Arsenal Analysis – Is Zinchenko the midfielder that Arteta wanted Xhaka to be?

Oleksandr Zinchenko – Everything Arteta wanted Xhaka to be for Arsenal.  by Victor

With Mikel Arteta clearly sold on the idea of being tactically unpredictable for opposition teams, he needed the crop of players he inherited from Unai Emery to be tactically flexible in unlocking opposition defenses, while maintaining a balanced tactical shape between defense and attack.

One of those he very much entrusted with such tactical flexibility is Granit Xhaka; a player who many Arsenal fans believed was never really good enough and should be escorted out the exit door at the Emirates Stadium. The gaffer, however, upon his return to the Arsenal saw what many couldn’t see in the Swiss, especially from a tactical point of view. Having modeled his coaching style after that of his mentor – Pep Guardiola, the Spaniard knew exactly the kind of football he wanted his team to play and Xhaka was of course integral to the system to be implemented.

Firstly, Arteta wanted to build a team capable of playing from the back while utilizing players that are naturally comfortable in possession under pressure, and also occupying positions where they can carry-out the aforementioned style with their preferred foot. Playing a left-footed Centre Back in Gabriel was one, with a left-footed Left Back obviously the second, while a left-footed Centre Midfielder was the third piece of the puzzle. The latter is where Xhaka comes in. Instead of a right-footed Centre Back or Left Centre Midfielder playing straight and short passes to a team-mate hugging the lines; but always coming deep to receive a pass, a left-footer occupying the same position on the pitch can easily curl a pass unto a team-mate in an advanced position on the lines to beat the opposition’s press.
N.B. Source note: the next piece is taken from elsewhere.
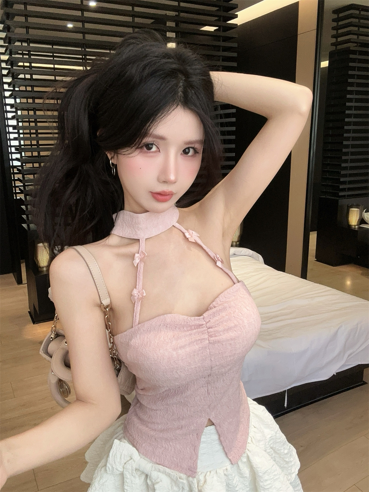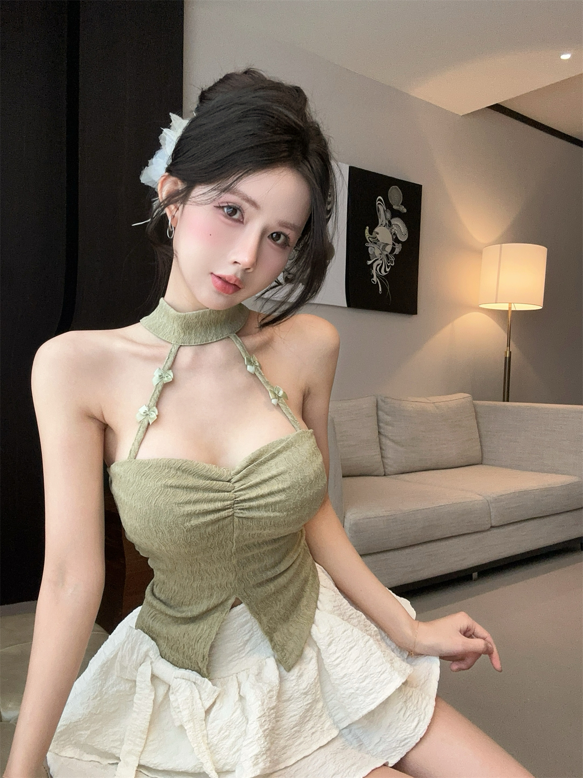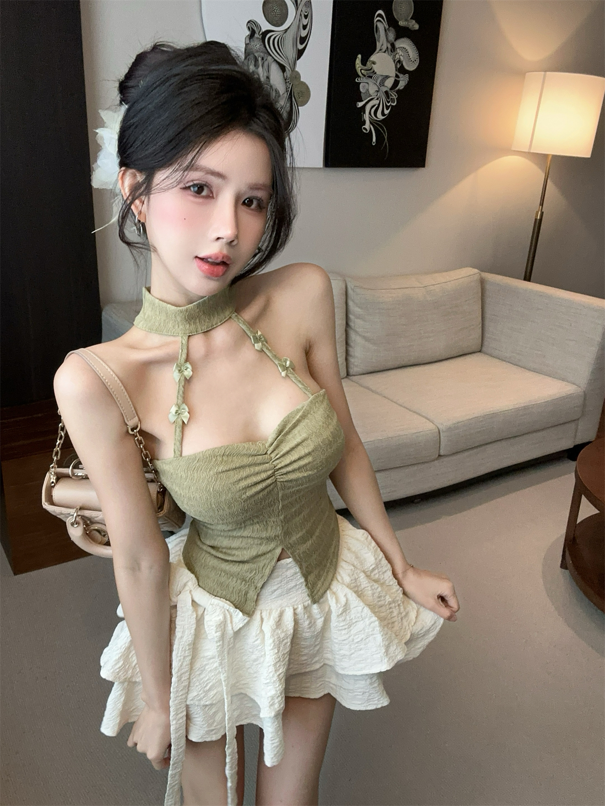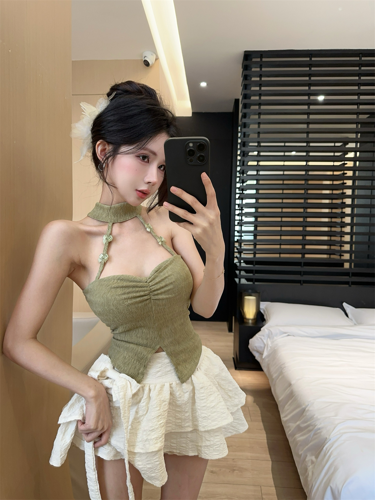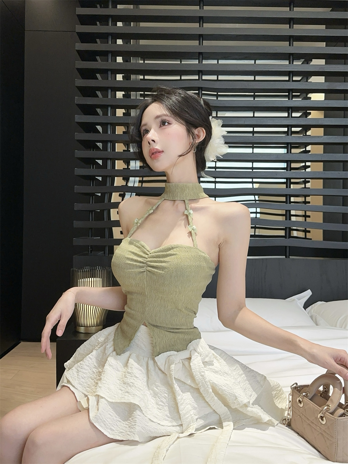 실제 촬영 및 실제 가격 달콤하고 매콤한 디자인 홀터넥 리본 플리츠 퓨어 디자이어 탑 케이크 스커트 여성 스프링 슈트

Secondly, talking about tactical flexibility, we have seen from the manager’s first full season at the helm, the various tactical shifts he loves to employ during the course of a match: from full backs playing inverted roles which allows box-to-box midfielders take up more advanced roles, to the left-sided midfielder (usually Xhaka) taking up a role I personally call ‘the half-centre midfield role’ where he covers for the overlapping left-back.

With the Switzerland international being the only left-footed deep-lying playmaker with defensive attributes in the teams, he was the obvious go-to-man. To be fair, he didn’t perform badly, but on many occasions he was let down by his lack of pace and his tendency to pick up needless bookings by committing needless fouls did not help matters. This two major factors probably prompted his coach to look for a better option in the familiar figure of Zinchenko.

‘Zinny’ as he is popularly called, is a player in whom Arteta will find all that he wished Xhaka could be for his team; he is naturally an attacking midfielder who is adept at playing the left-back position, defensively sound, tactically and technically talented, he is a disciplined professional on the pitch and, most importantly, he was prepped by Pep. It is safe to say that he needs little coaching to understand what tactical positions to occupy, the movements or runs to be made as well as the timing of those runs – I mean; he’s from the same system as Arteta, and with the manager building what might be a prototype of a Guardiola team, the Ukrainian is the perfect left-sided creative-cum-defensive solution the Spaniard wished he had in the temperamentally unpredictable Granit Xhaka.